Start of TASK INPUT

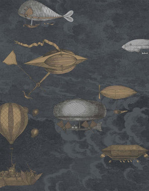 Embrace the spirit of adventure with the Macchine Volanti wallpaper by Cole and Son, a captivating infusion of vintage charm and whimsical elegance. Adorning your walls in a captivating navy colourway, this exquisite design features an array of fantastical flying machines drifting gracefully across a softly textured background. The intricate details of the sepia-toned airships and balloons interplay with the depth of the midnight-hued canvas, crafting an immersive aerial spectacle that promises to transform any room into a scene from a bygone era of exploration and imagination.
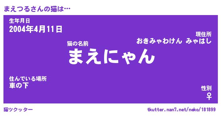| 意味不明あだ名 | 『ペロリンまえつる』『永久保存まえつる』 |
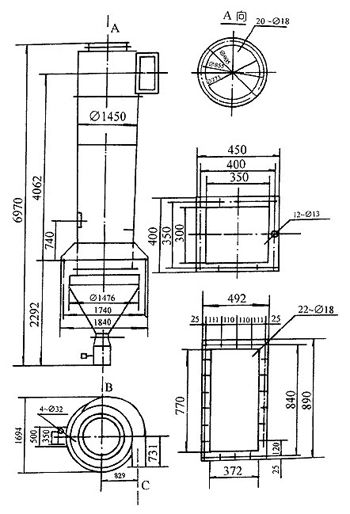 1、本除塵器可由單筒及數個單筒組合使用,單筒處理風量為15000-18000m3/h。
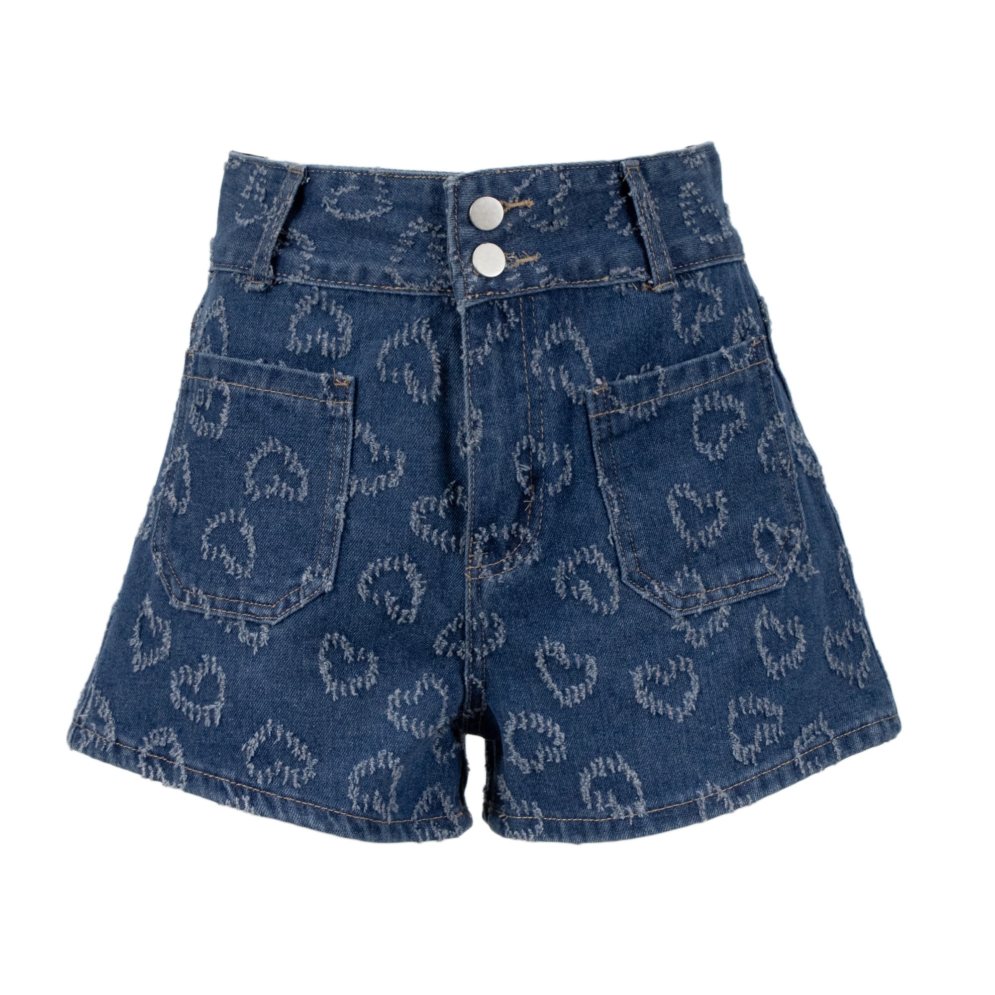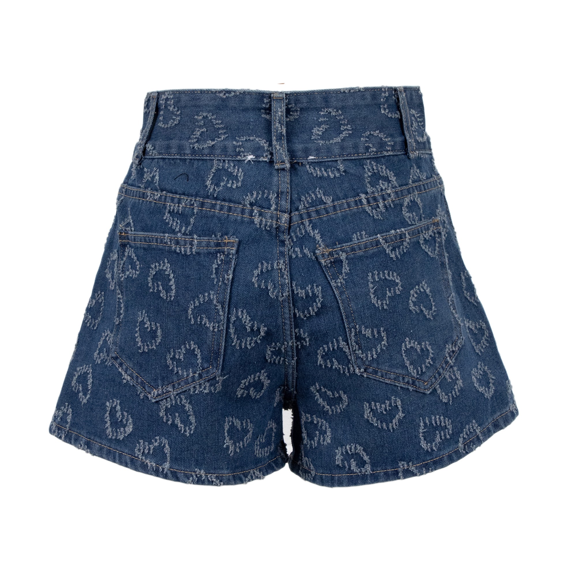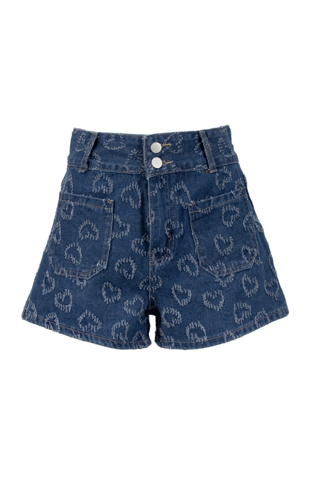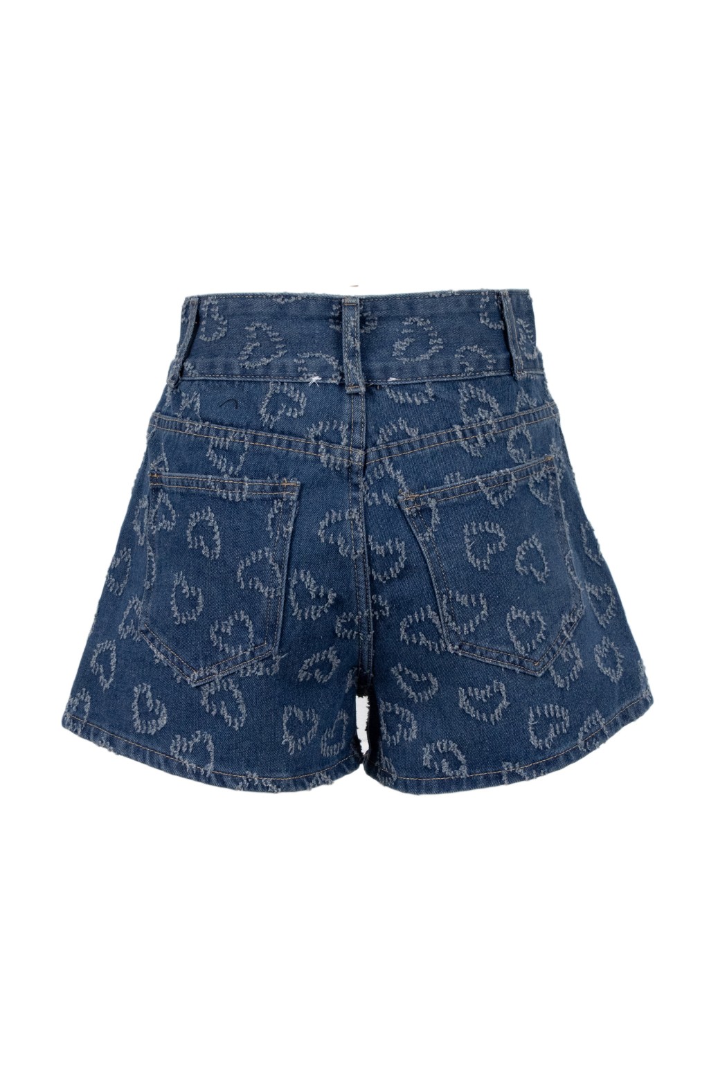 Shorts denim vita alta, dettagli a cuore sfrangiati, tasche a filo chiusura due bottoni.
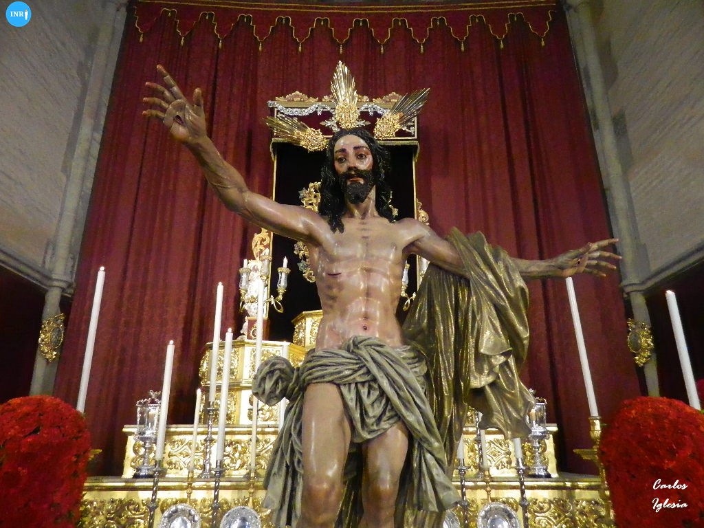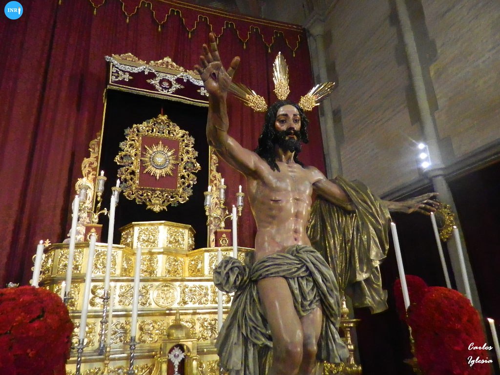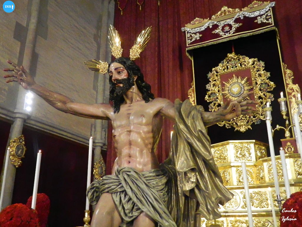 Adentrándose en el barrio de la Macarena, la imagen del Señor de la Sagrada Resurrección se encontraba dispuesto en besapiés en su prebisterio. Su altar estuvo sobre dosel y con varias tandas de candelería de cera blanca.
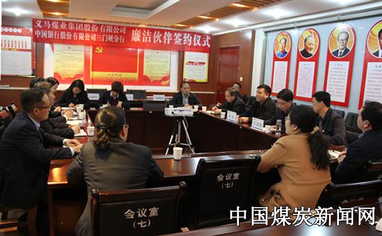 【本网讯】为进一步深化银企双方合作关系,促进廉洁共建与业务发展的深度合作,3月21日,中国银行三门峡分行与河南能源义煤集团举行了“廉洁伙伴”签约仪式。图为该行纪委书记与义煤集团纪委书记共同签订“廉洁伙伴”协议书。
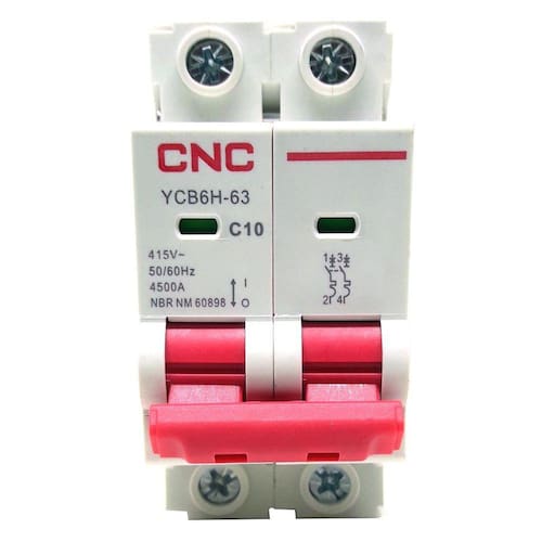 O Disjuntor Modelo Ycb6H-63 Bipolar Curva C 10A Cnc é ideal para sistemas que passam um grande fluxo de corrente. Com ele, você pode ligar e desligar todas as fases através de uma só alavanca, facilitando o controle e proteção do circuito.
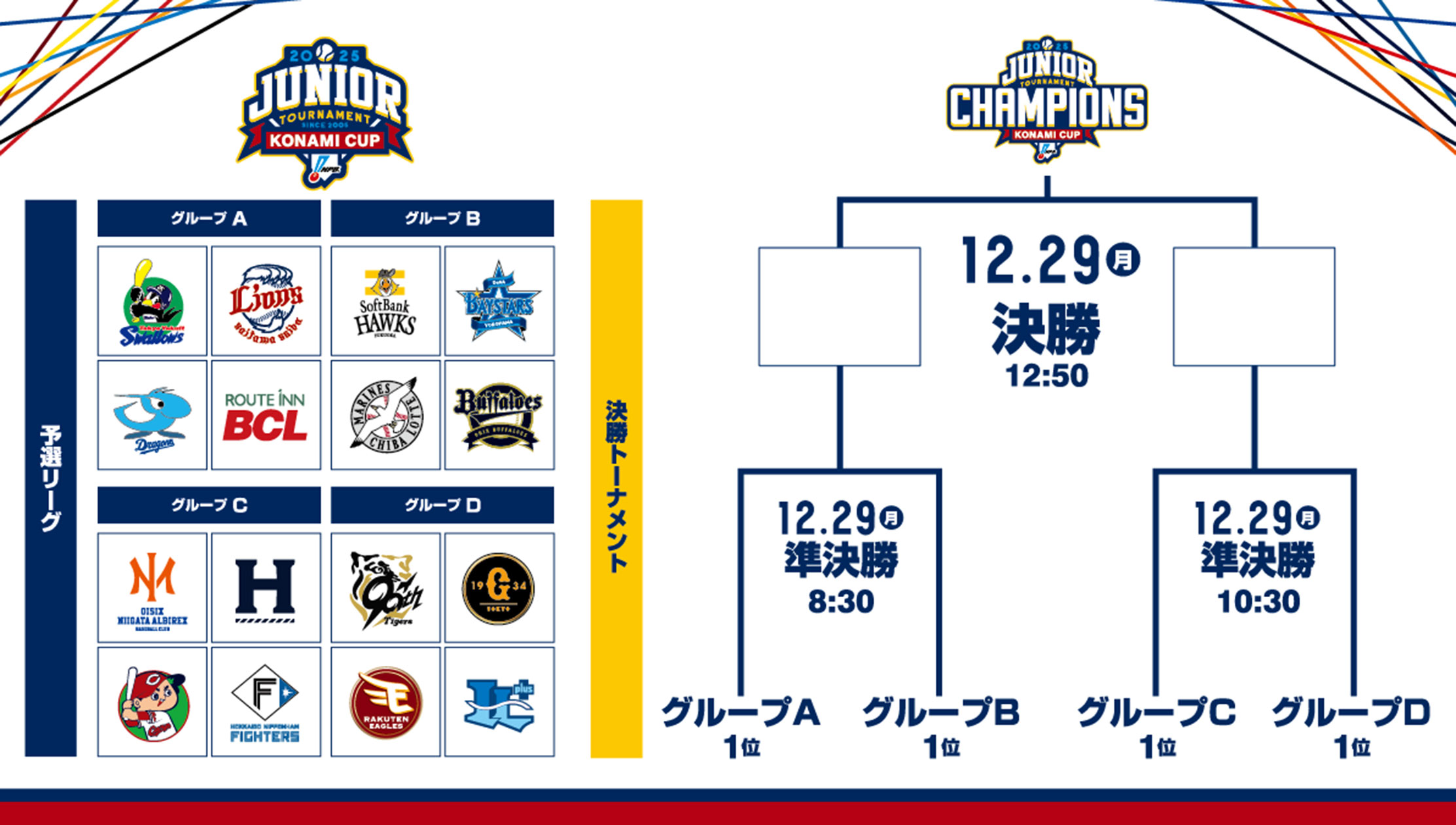 12月26日(金)~12月29日(月)に明治神宮野球場および横浜スタジアムで開催される「NPBジュニアトーナメントKONAMI CUP 2025」の対戦カードが決定しました。
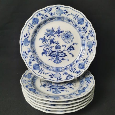 Velkommen! Vi præsenterer et sæt tallerkener til 6 personer, elegant med motiv af blå løg fra Meissen, det 20. århundrede.
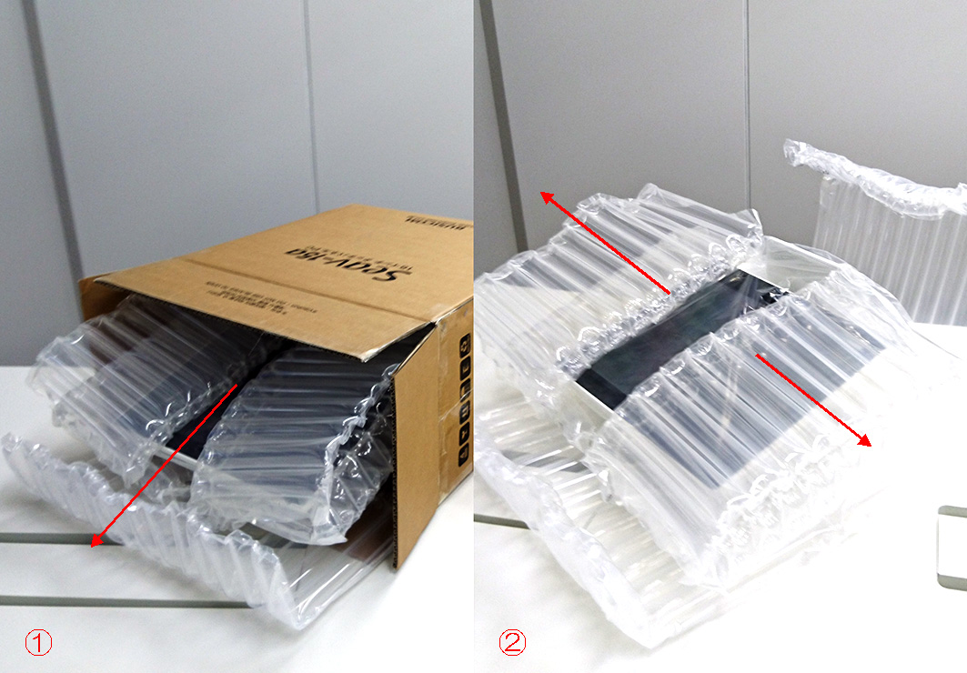 ①-ディスプレイが上にくるように箱を横に倒し、梱包材と一緒に手前に引き出します。

End of TASK INPUT

▶ **ACTIVITY**
Write the listing again exactly, duplicating every line and skipping the pictures.

▶ **EXERCISE ANSWER**
 Embrace the spirit of adventure with the Macchine Volanti wallpaper by Cole and Son, a captivating infusion of vintage charm and whimsical elegance. Adorning your walls in a captivating navy colourway, this exquisite design features an array of fantastical flying machines drifting gracefully across a softly textured background. The intricate details of the sepia-toned airships and balloons interplay with the depth of the midnight-hued canvas, crafting an immersive aerial spectacle that promises to transform any room into a scene from a bygone era of exploration and imagination.
| 意味不明あだ名 | 『ペロリンまえつる』『永久保存まえつる』 |
 1、本除塵器可由單筒及數個單筒組合使用,單筒處理風量為15000-18000m3/h。
 Shorts denim vita alta, dettagli a cuore sfrangiati, tasche a filo chiusura due bottoni.
 Adentrándose en el barrio de la Macarena, la imagen del Señor de la Sagrada Resurrección se encontraba dispuesto en besapiés en su prebisterio. Su altar estuvo sobre dosel y con varias tandas de candelería de cera blanca.
 【本网讯】为进一步深化银企双方合作关系,促进廉洁共建与业务发展的深度合作,3月21日,中国银行三门峡分行与河南能源义煤集团举行了“廉洁伙伴”签约仪式。图为该行纪委书记与义煤集团纪委书记共同签订“廉洁伙伴”协议书。
 O Disjuntor Modelo Ycb6H-63 Bipolar Curva C 10A Cnc é ideal para sistemas que passam um grande fluxo de corrente. Com ele, você pode ligar e desligar todas as fases através de uma só alavanca, facilitando o controle e proteção do circuito.
 12月26日(金)~12月29日(月)に明治神宮野球場および横浜スタジアムで開催される「NPBジュニアトーナメントKONAMI CUP 2025」の対戦カードが決定しました。
 Velkommen! Vi præsenterer et sæt tallerkener til 6 personer, elegant med motiv af blå løg fra Meissen, det 20. århundrede.
 ①-ディスプレイが上にくるように箱を横に倒し、梱包材と一緒に手前に引き出します。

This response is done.